Put on his jacket, lifted the bag, out of the room and the door closed behind him. Minced along the corridor, head down, dejected. About to walk into the rest of his life. No hope of romance, no hope of anything different. For all the crap and the drama and the murder and the adventure of the last couple of years, here he was, going back to barbery and abject poverty of spirit. Nothing changed.

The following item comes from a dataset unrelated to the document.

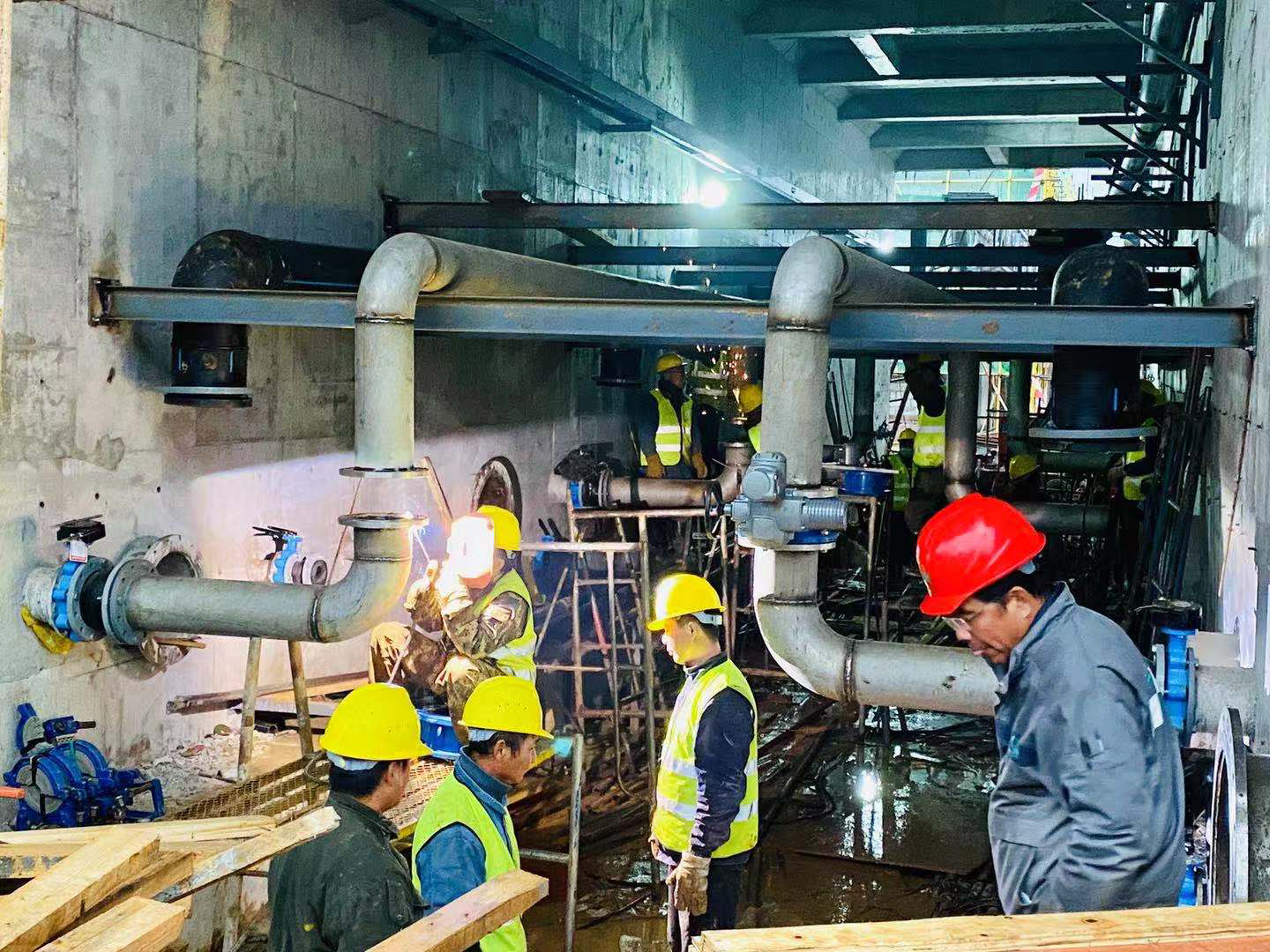 為保證工作順利推進,在現(xiàn)場施工條件復雜、工期緊張、施工難度大的情況下,集團領(lǐng)導多次親臨現(xiàn)場指導工作,統(tǒng)籌規(guī)劃,協(xié)調(diào)各方,帶領(lǐng)項目部同事因地制宜,因時制宜,有序安排設(shè)備材料進場。在與土建工作存在交叉作業(yè)時,全體項目部同事不畏艱苦,積極創(chuàng)造工作面,團結(jié)協(xié)作,奮勇直前,順利實現(xiàn)業(yè)主的節(jié)點計劃。

And anyway, why should he expect anything more? How many sad lives out there were blighted by disappointment? Millions of them. Absolute millions. Why should he be any different? He was just a guy. A bloke. A wee man. A shmuck. A duffus. He was the kind of guy John Steinbeck used to write about. He was Garth out of
Wayne's World
. He was nothing. He could be in an Ingmar Bergman movie. He was Woody Allen without the jokes.

A door opened behind him, but he walked on. Didn't care who it was. Probably Medlock, sex all over his face, with a comforting word in Barney's ear.
Never mind, mate
, he could hear him say,
she was never going to be yours anyway. I'm way more interesting and I can shag like a bulldozer.

'Barney?'

The word stopped him like a bullet in the back of the head. That soft voice, delicate and succulent, smooth as a non-stick pan. And slowly he turned, throat dry, expectation suddenly pumped up from the deflation of less than three seconds previously.

Katie Dillinger stood at her door, still attired for the night. Looking a little rough, but gorgeous with it. Up all night with Arnie, he presumed, and the hope began to fade again before another word was said.

'Where are you going?'

Barney shrugged. 'Don't know,' he said. As eloquent as if he were sitting next to Larry Bellows.

She stepped into the corridor. Wearing dark green cotton pyjamas. Dishevelled. A bit of a gap had opened up between the buttons, so that Barney had the merest glimpse of the smooth curve of a breast. Tried not to look. Swallowed. Shook his head. Stared at the carpet. Could see breasts in the carpet just as much.

'You don't have to go,' she said. 'I know you feel a bit out of it, but today should be a good day. You can get to know us all a bit better. Should be all right.'

He looked her in the eye. Already knew that the decision was made for him.

'Just ... I don't know,' he said. 'Just feel like I should leave.'

She stepped towards him. The gap in the pyjamas closed and Barney's swift look was too slow to catch another glimpse, so he stared at the floor again.